Funding
ShengShu Technology Raises Over $86 Million in Series A+ Funding to Push Multimodal AI Boundaries

ShengShu Technology has completed a Series A+ funding round exceeding RMB 600 million (approximately $86 million USD), marking a major milestone for the company as it scales its multimodal foundation models for both digital and physical-world applications. The round was co-led by Zhongguancun Science City and LINK-X CAPITAL, with strategic participation from Wondershare, Visual China Group, and TRS. Several existing investors also increased their commitments, underscoring continued confidence in ShengShu’s technical direction and commercial progress.
The new capital arrives at a moment when multimodal AI systems are moving from experimental tools toward infrastructure that underpins real-world production. ShengShu’s trajectory reflects that shift, with research breakthroughs increasingly translating into deployed products used across industries.
From Early Research to Commercial-Grade Models
ShengShu Technology was among the earliest teams globally to focus on multimodal generative algorithms as a core research direction. In 2022, the company introduced the U-ViT architecture, helping establish a technical foundation for models capable of reasoning across text, image, and video. This research-first approach set the stage for the launch of Vidu in mid-2024.
Vidu entered the market with a Reference-to-Video capability that moved beyond conventional text-to-video or image-to-video generation. Rather than treating each frame as an isolated output, the system was designed to preserve multi-entity consistency across scenes, addressing a long-standing challenge in commercial video generation. Since launch, ShengShu has iterated rapidly, releasing successive versions that improved semantic understanding, motion stability, visual coherence, and inference speed.
The most recent release, Vidu Q3, reflects a deliberate focus on storytelling. The model supports synchronized audio-video generation up to 16 seconds, native 1080p output, precise shot transitions, multilingual text rendering, and multi-language output. These capabilities position the system closer to production workflows, rather than short-form experimental clips.
Performance, Speed, and Open Innovation
Beyond output quality, ShengShu has emphasized efficiency as a competitive differentiator. In late 2025, the company open-sourced its TurboDiffusion framework, a move that significantly reduced video generation latency. With this framework, a five-second video can be generated in under two seconds on a single high-end GPU, representing orders-of-magnitude gains compared to earlier approaches.
This focus on speed is not just a technical benchmark. Lower latency and compute requirements directly affect the feasibility of deploying multimodal models at scale, especially for interactive applications and real-time creative tools. By reducing the cost and time required to generate high-quality video, ShengShu is pushing multimodal AI closer to everyday use in professional environments.
Expanding Adoption Across Creative and Enterprise Markets
ShengShu has built a broad product ecosystem around Vidu, spanning managed services, SaaS offerings, applications, and agent-based tools. These products now serve creators, studios, and enterprises across more than 200 countries and regions. In 2025, the company reported more than tenfold growth in both users and revenue, indicating accelerating adoption.

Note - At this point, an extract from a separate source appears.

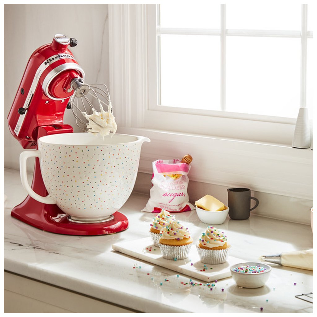 Ha Ön boldog tulajdonosa egy KitchenAid Artisan konyhai robotgépnek, akkor érdemes megvásárolnia ezt a konfetti mintás kerámia tálat is, amely még magasabb szintre emeli a robotgép kivételes funkcióit. Ez a gyönyörű kerámia tál bírja a magas és az alacsony hőmérsékletet is. Mikrohullámú sütőben, fagyasztóban és sütőben is használható, valamint mosogatógépben mosható. Könnyen használható, mivel kiöntővel és kényelmes fogantyúval rendelkezik. Exkluzív megjelenése bármilyen konyhában szépen mutat.
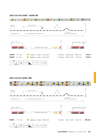 840291 10 m roll 3000K [+/- 150K] 120 LED/m 9,5 W/m 74,21 lm/W 705 lm/m 399,95 €

In film and entertainment, Vidu is used across animation, short-form production, and feature workflows, with engagement across content owners, tool providers, and production studios. In parallel, internet platforms and smart hardware companies are applying the technology to marketing asset creation, interactive content, and product innovation.
Advertising and gaming have emerged as additional areas of traction. Brands and agencies use Vidu to scale video production for campaigns, while game developers deploy it for advertising content and scene generation. Internationally, the platform is gaining traction among creative tool developers and enterprise users, with applications extending into education, broadcasting, and cultural tourism.
The Broader Implications of Multimodal AI
The progress of multimodal foundation models has implications far beyond video creation. By integrating text, image, audio, and motion into unified systems, these models enable machines to interpret context in a way that more closely resembles human perception. For industries, this means faster production cycles, lower barriers to entry for high-quality content, and new forms of interaction between humans and software.
At the same time, the maturation of multimodal AI raises important questions around authenticity, intellectual property, and responsible deployment. As generated video becomes increasingly realistic, technical safeguards and governance frameworks will be essential to maintain trust in digital media.
Looking ahead, multimodal models are likely to play a role not only in digital workflows but also in physical-world systems, from robotics and simulation to smart environments. ShengShu Technology’s latest funding round positions it to participate in that transition, as multimodal AI shifts from a creative novelty into a foundational layer of next-generation productivity.